レンもカイトも双方、カイトの穿くミニミニなスカートを掴んで攻防を繰り広げている。
部屋に入った途端だった。
レンはいきなりカイトのスカートを掴んで、まくり上げようとしたのだ。素直な男の子だ。ほのぼのすればいいのか。
ほのぼの出来ないのはもちろんで、カイトは悲鳴を上げてスカートを押さえた。
レンはめくりたい。カイトは押さえる。めくりたいレン、押さえるカイト。
基本、おっとりさんでやさしいカイトは、そうされても罵声を上げることもなければ、体格差に物言わせてレンを跳ね除けることも出来なかった。
ひたすらに悲鳴を上げて、じたじたもがくだけだ。
キヨテルのほうは、負い目やら屈折した思いやらに囚われて、レンを止めることが出来ない。

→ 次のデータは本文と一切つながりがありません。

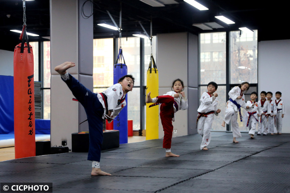 ↑2024年1月28日,在江苏省连云港市连云区一家跆拳道培训机构,学生在学跆拳道基本功。CICPHOTO/王春 摄

そこで、カイトのコイビトであるがくぽの出番――となる、はず、なのだが。
「ふう。実に悦き眺めぢゃ」
――がくぽは鼻血を垂らして、幼気な少年に襲われて身悶える恋人を堪能していた。
いくらなんでも、趣味が変態過ぎる。
常に縄とさるぐつわを持ち歩いて、隙あらばへきるを襲おうとしているせつらのことを、とやかく言えない。
「がく、がくほひゃぁあんっ」
カイトは真っ赤になったうえに涙目で、呂律も回らなくなった口で懸命にがくぽに助けを求める。不憫としか言いようのない健気さだ。

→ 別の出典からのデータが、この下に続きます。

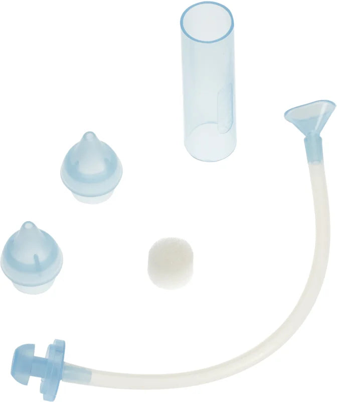 Įdėkite vieną siurbtuko galą sau į burną, o kitą įkiškite į kūdikio nosį. Traukdami orą į save išsiurbkite iš vaiko nosies gleives. Pakartokite procedūrą su kita šnerve. Panaudoję, aspiratorių kruopščiai nuplaukite. Galima sterilizuoti garų sterilizatoriuje.
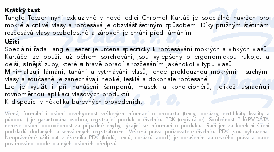 Tangle Teezer nyní exkluzivně v nové edici Chrome! Kartáč je speciálně navržen pro mokré a citlivé vlasy a rozčesává je obzvlášť šetrným způsobem. Díky pružným štětinám rozčesává vlasy bezbolestně a zároveň je chrání před lámáním.

ようやく鼻血の止まったがくぽは、ウェットティッシュで口周りをきれいにすると、攻防戦をくり広げるふたりの傍へと行った。
「よしよし、――そこまでにせい、鏡音の。イタズラは引き際の見極めが肝要ぢゃ。それ以上やれば、カイトが本気で泣くぞ?」
声はやさしく諭しながら、がくぽは無造作にレンの頭を鷲掴みにする。片手では下敷きのカイトの肩を抱き、ほとんど力任せにふたりを引き離した。
「神威、もっと丁寧に!!」
「注文の多いやつぢゃ!山猫の類か、ぬしは」
叫ぶキヨテルに吐き捨てたがくぽの胸に、涙目のカイトが縋りつく。
「ぇぐぇぐ、ひぅうっ」
「よしよし。怖かったか?」
「はいぃ……」
あやす声音で頭を撫でられ、カイトは甘い声で頷く。
畳に放り転がされたレンは無表情に起き上がり、微妙に訴えるようにがくぽを見た。
そのレンに笑いかけ、がくぽは胸の中のカイトをあやすように撫で続ける。
赤い耳朶へとくちびるを寄せると、笑い声を吹きこんだ。
「我は実に悦かった。ぬしの愛らしいさまを、堪能させてもろうたぞ」
「?!」
「外道が!」
びっくんと震えて強張り、瞳を見張るカイトだ。
キヨテルの罵りは当然といえば当然で、遠慮の欠片もなかった。
「恋人が他の男に襲われているのが、悦いだと?!」
指摘はごくまっとうで、もっともだ。
胸の中で呆然と固まるカイトを抱いたがくぽは、優雅としか言いようのない笑みを浮かべた。
「『男』ではない。『レン』ぢゃ」
「なにが違うと」
「ショタっ子ぢゃ」
「…」
常人には理解不能な超理論が展開される予感。
唖然とするキヨテルに、がくぽはあくまでも優雅に微笑んでいる。
現状、服装はヴィクトリアンレディだ。そして肩には羽。
天使というより、古代神話の性悪を極めた女神にすら見える。
「例えば、ぬしが同じことをしたなら、黙って見ていやせぬぞ?スクラップにして、廃棄工場送りにしてくれる」
「過激だな!」
「当たり前ぢゃ。ぬしは『性』のなんたるかを知っておる。カイトに手を出すなら、目的が明確ぢゃ。カイトに斯様に触れても良いのは、我だけぢゃ」
自信満々に言い切り、がくぽは固まっているカイトの後ろ首を撫でる。カイトは素直に反応して、びくりと震えた。
がくぽは微笑みを絶やすことなく、レンを見た。
「したが、鏡音のは違う。ショタっ子に、性のなんたるかがわかるわけもないからの。仔猫がぢゃれておるようなものぢゃ」
がくぽの言葉に、キヨテルはレンを見た。
あどけない表情、折れそうに細い手足、華奢な体。
確かに、『幼気』という言葉がぴったりではあるが――
「十四歳で、性のなんたるかを知らないわけがないだろう」
呆れてつぶやくキヨテルに、がくぽは瞳を細めた。機嫌の良いねこの顔で、胸の中からじっと見上げてくるカイトの無垢な瞳を見返す。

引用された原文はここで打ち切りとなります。